→ **Work order**:
All of the data below should come back exactly as written, minus its images.

→ **Source material**:
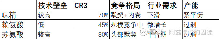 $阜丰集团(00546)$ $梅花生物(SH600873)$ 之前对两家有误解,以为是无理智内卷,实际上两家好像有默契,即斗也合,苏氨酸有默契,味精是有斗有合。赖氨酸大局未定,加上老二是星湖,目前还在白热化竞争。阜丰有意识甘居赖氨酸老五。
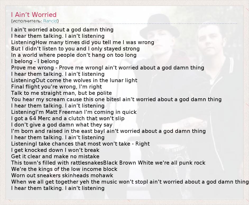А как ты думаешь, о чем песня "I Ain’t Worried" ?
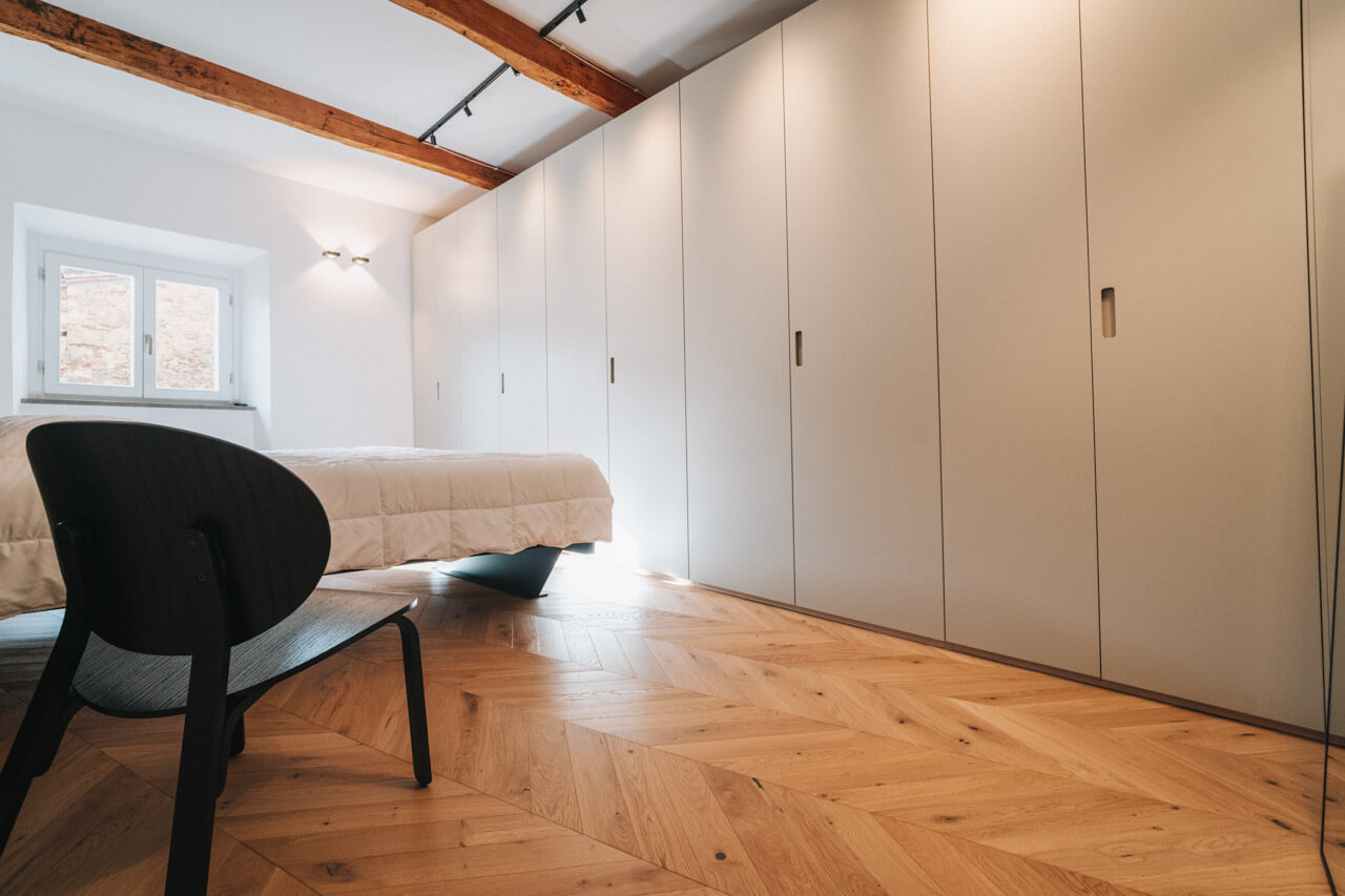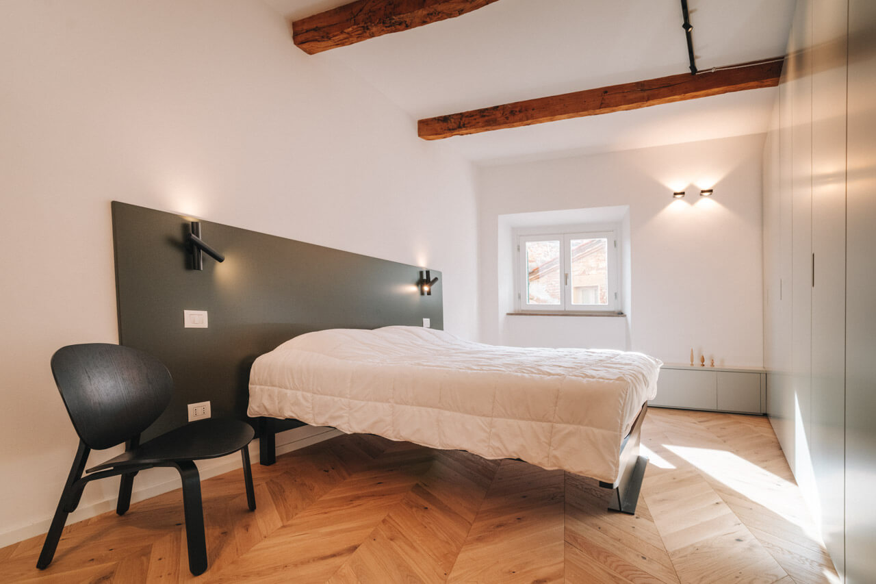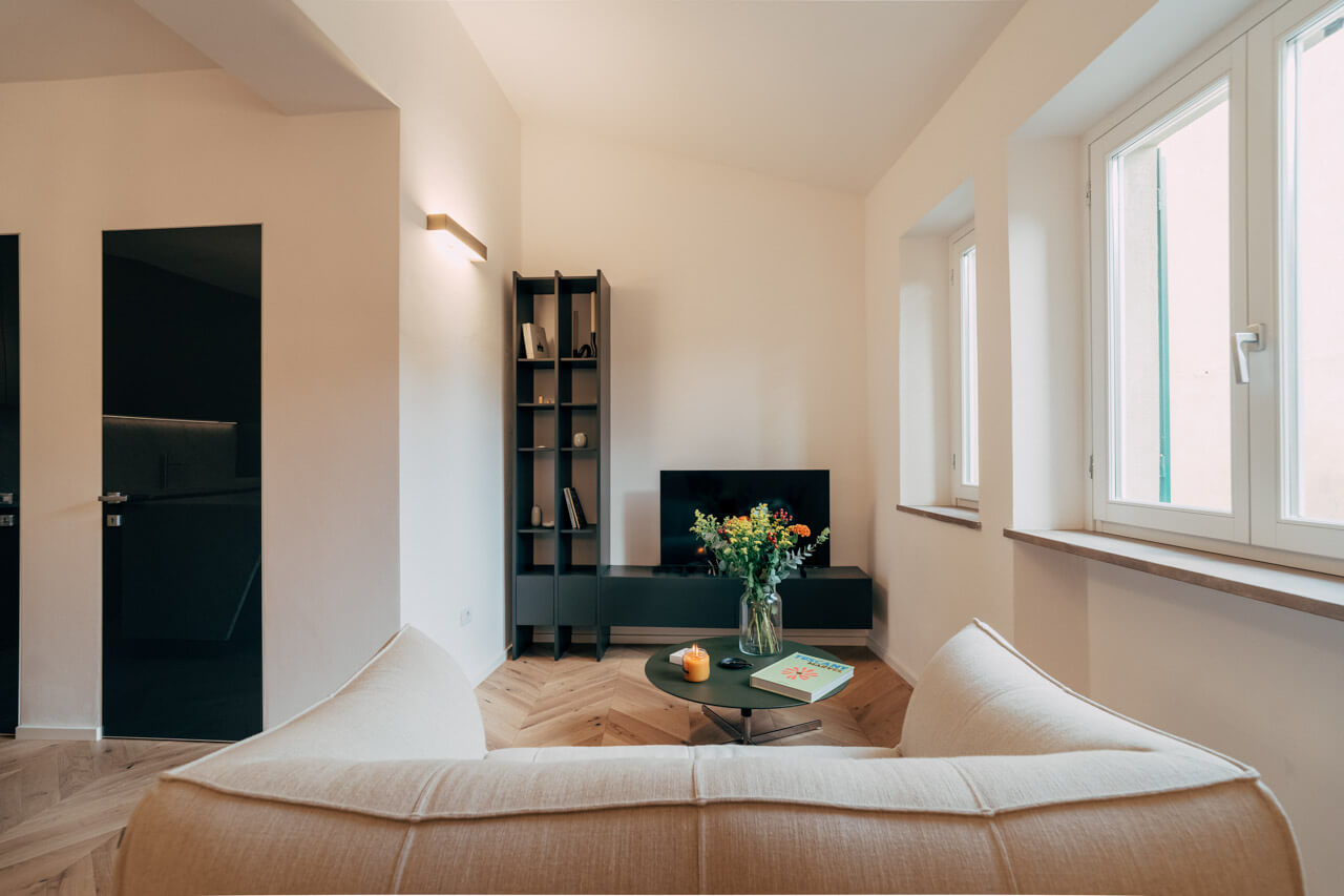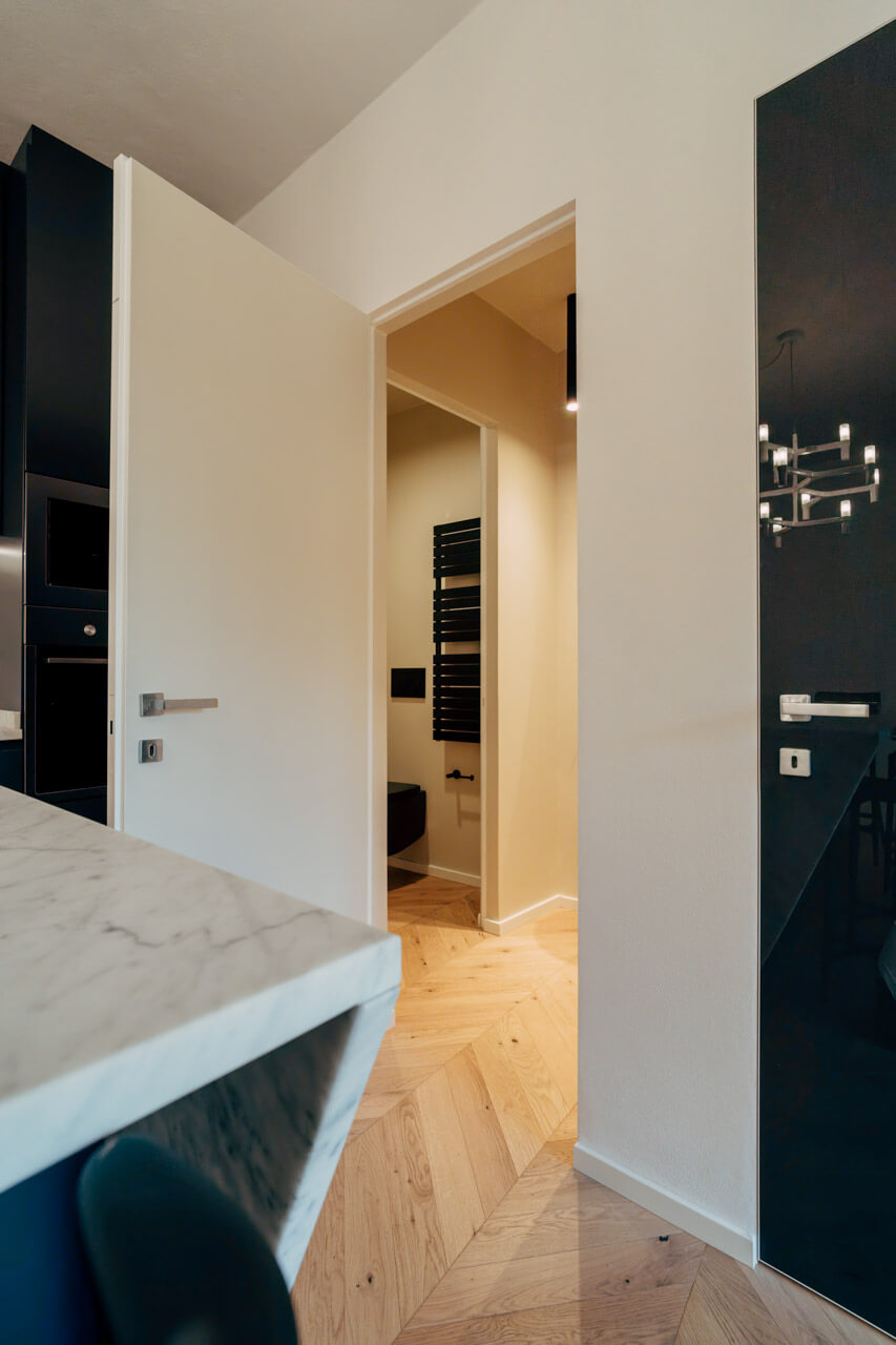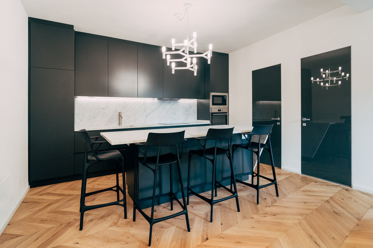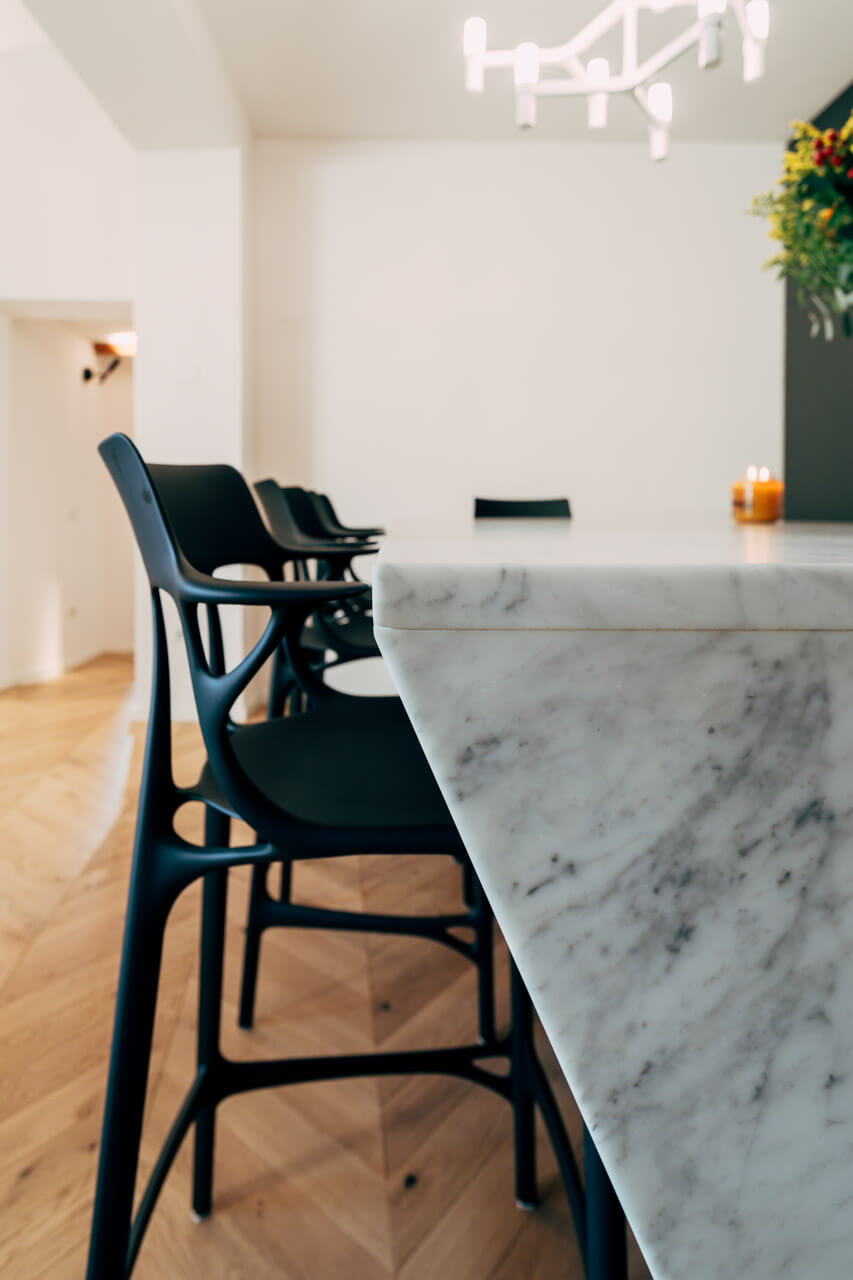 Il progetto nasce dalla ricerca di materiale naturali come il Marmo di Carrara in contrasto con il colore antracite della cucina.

→ **Result of this task**:
 $阜丰集团(00546)$ $梅花生物(SH600873)$ 之前对两家有误解,以为是无理智内卷,实际上两家好像有默契,即斗也合,苏氨酸有默契,味精是有斗有合。赖氨酸大局未定,加上老二是星湖,目前还在白热化竞争。阜丰有意识甘居赖氨酸老五。
А как ты думаешь, о чем песня "I Ain’t Worried" ?
 Il progetto nasce dalla ricerca di materiale naturali come il Marmo di Carrara in contrasto con il colore antracite della cucina.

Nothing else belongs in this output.